CPCの結晶の効果に応答して、PGE1も放出され得る。GMマッカーティら（1993,1994）は、PGEの効果について検討₂結晶CPCHに対するヒト線維芽細胞の分裂促進応答に、PGE、及びその類似体ミソプロストールを。3つの薬剤はすべて用量依存的に分裂促進応答を阻害し、PGEおよびミオプロテストラットはより顕著な阻害活性を示した。PGEおよびミソプロストールは、OFC結晶の効果に応答してコラゲナーゼmRNAの蓄積を阻害したが_、 PGE _2は阻害しなかった。

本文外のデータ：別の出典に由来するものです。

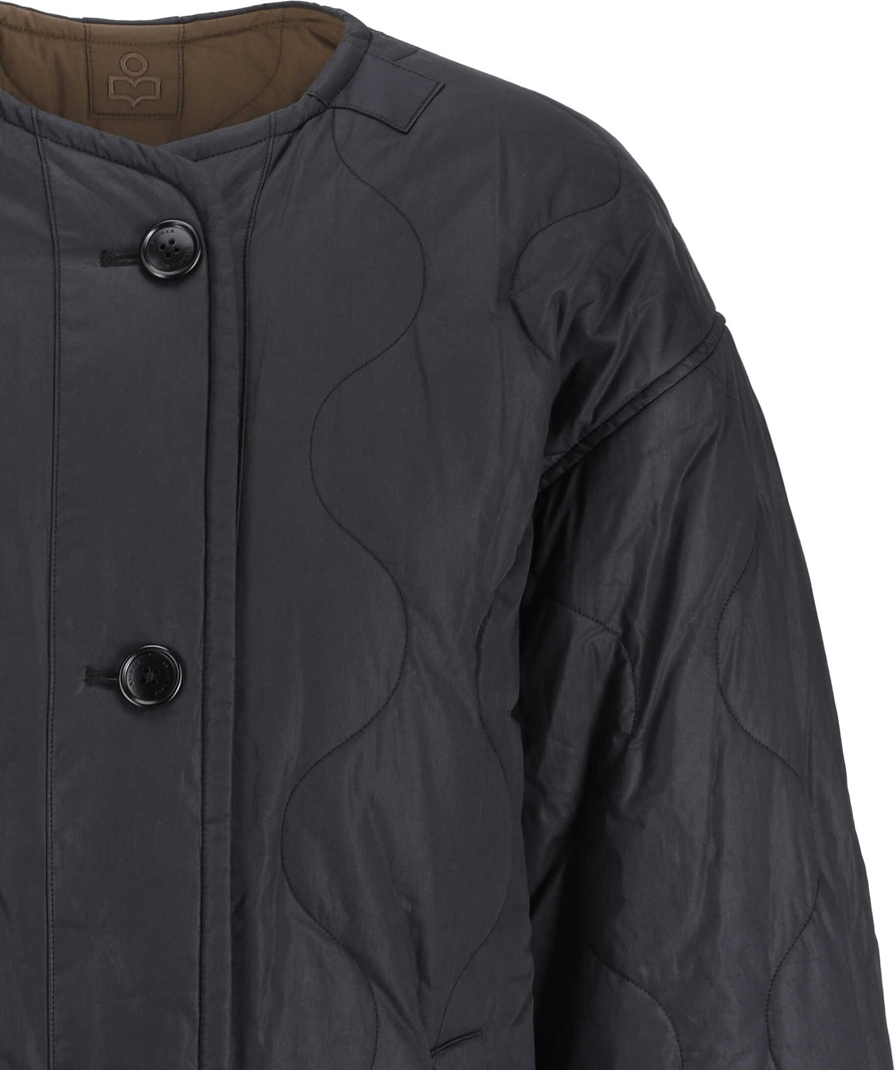 Cotton Reversible Nesmae jacket from Marant Etoile, all-over quilted and padded design, button front closure, two side welt pockets, iconic brand logo embroidered on back, monochrome pattern, oversize fit.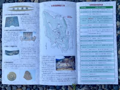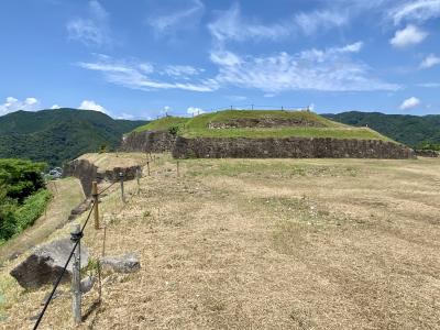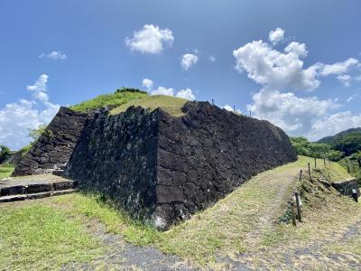 本丸跡に建てられたビジターセンターは2022年9月16日まで施設改修工事のため休館中の看板が、駐車場前に立っていました。整備された遊歩道を上まで登って、ぐるりと1 周してみました。すぐに復元された綺麗な石垣が見えてきます。時代を経て三重の石垣になったようです。途中にある歴史資料館(有料)はオープンしてました。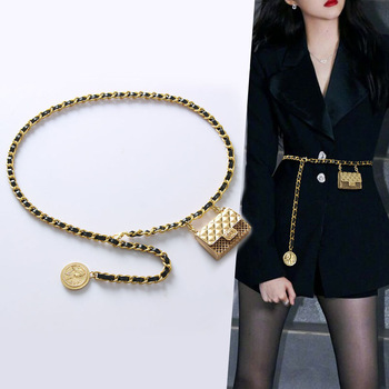 2025 Phong Cách Thời Trang Thắt Lưng Dây Chuyền Vàng Cho Phụ Nữ Ăn Mặc Nhỏ Mini Kim Loại Túi Trang Trí Eo Mỏng Của Phụ Nữ Có Thể Điều Chỉnh Vành Đai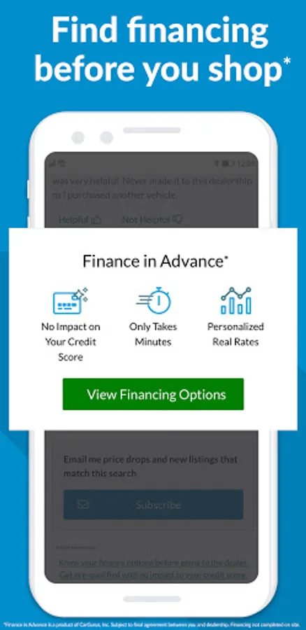 *Finance in Advance is a product of CarGurus, Inc. Subject to final agreement between you & dealership. Financing not completed on site. Completing a credit application at a dealership may result in one or more inquiries posted to your credit file. Subject to agreement on terms and conditions with the participating lender.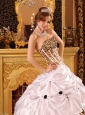Home >  Quinceanera Dresses >  Unique Quinceanera Dresses > Gorgeous White Quinceanera Dress Strapless Brush Train Taffeta and Zebra Ball Gown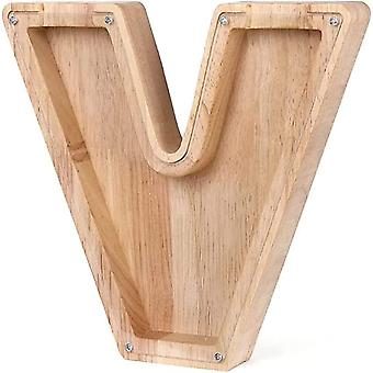 Personalized Letters Wooden Bank,Letters Coin Bank Money Box with Alphabet, Money Saving Bank For Family Christmas Birthday Gift Home(V)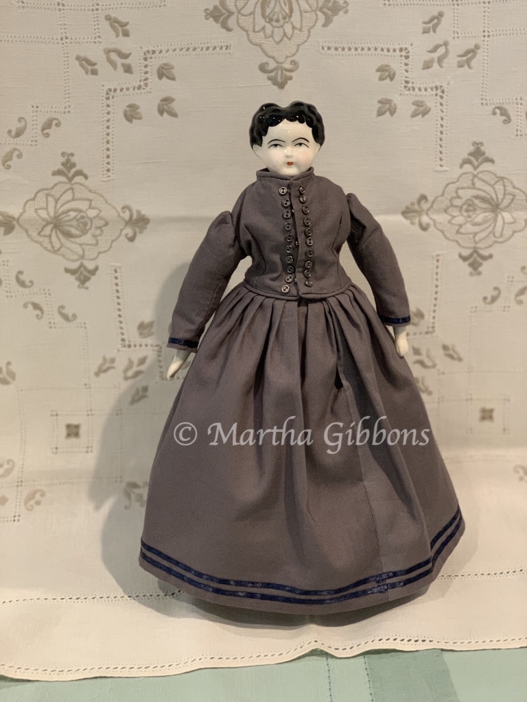 When I undertook this project, I knew I would need to do some customizing of the patterns in the book I am using. Many dolls, such as Huret dolls, are made all the same size & shape, and so easier to dress out of patterns for Huret dolls. This particular book features French fashion dolls of a different brand, but similar style – a fixed body size & shape. The user simply traces the pattern pieces, makes up the garments and voila, the doll has new clothing! But with other dolls, whether historical or modern reproductions, the bodies have been made by an individual consumer out of fabric and some kind of filling, while the head, hands and feet are porcelain. Each doll becomes customized by the skills (or lack of skill) of the creator. Whether inexpert, like my Sunbonnet Sue, or highly precise, like my Hannah, the doll bodies are unique. Sometimes, shoulders are wide, arms are fat, legs are skinny, etc. It is all dependent upon the person who created the doll, and while certainly, a single person might create numerous dolls from a single pattern and each is precisely created, more often than not in the collector market, doll bodies are not uniform.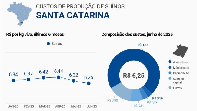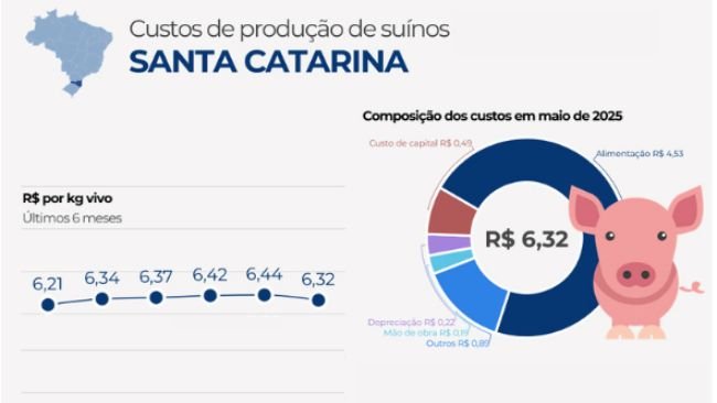 Os custos de produção de suínos caíram pelo segundo mês seguido em junho de 2025, segundo a Embrapa Suínos e Aves (CIAS). Em Santa Catarina, o quilo do suíno vivo chegou ao menor valor do ano: R$ 6,25.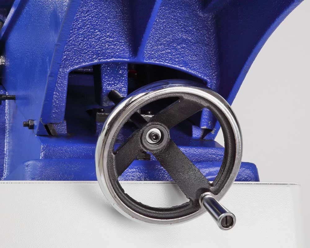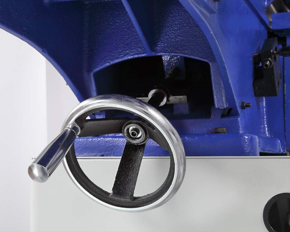 Чугунная литая конструкция: Столы, параллельный упор, каретка и основание выполнены из высококачественного чугуна. Это обеспечивает стабильность геометрии и высокую массу станка, необходимую для гашения инерционных нагрузок.

MG McCartyおよびN. Cheung（1994）は、PGE細胞のRPC媒介性活性化のメカニズムを研究した。PGEよりも細胞内cAMPの強力な誘導物質-著者らは、PGEことを示し₂及びPGEはcAMP依存性シグナル伝達経路によってOFC誘導有糸分裂誘発及びMMP産生を阻害します。OFK結晶によって誘発されたPGE産生の増加は、フィードバック機構による他の生物学的効果（有糸分裂誘発およびMMP産生）を弱める可能性がある。

結晶によって誘発される炎症

カルシウム結晶は、しばしば、変形性関節症の患者の滑液において見出され、しかしkristallassotsiirovannyhにおける変形性関節症及び関節症のような稀な急性炎症の白血球のエピソード（例えば、シンドローム「肩関節ミルウォーキー」）とされています。結晶のFlogistichesky電位が阻害要因の近くに修正することができます。R. Terkeltaubら（1988）は、有意に、基本的なリン酸カルシウム結晶化好中球応答granulotsitovovを抑制する血清および血漿の能力を実証しました。そのような阻害を引き起こす要因としてはkristallsvyazyvayuschieタンパク質です。-これらのタンパク質のいずれかの検査₂ -HS糖タンパク質（AHSr）は- ANSG応答結晶CPCHにおける好中球顆粒球の最も強力かつ特異的阻害剤であることを示しました。AHSr -肝臓由来のホエイタンパク質; それは、それ骨と石灰化組織中に比較的高濃度で、他の血清タンパク質と比較することが知られています。また、中AHSr存在は滑液を「非炎症」、およびネイティブ滑液におけるリン酸カルシウムの一次結晶で検出されます。このように、条件にリン酸カルシウム結晶のflogogennogoポテンシャルコアAHSr確率を調節するため除外されないインビボです。

要約すると、我々は、変形性関節症、提案WBヴァンデンバーグら（1999）と、機械的な遺伝的および生化学的要因を組み合わせるM. Sarrabbaら（1996）、二方式の病因を提示します。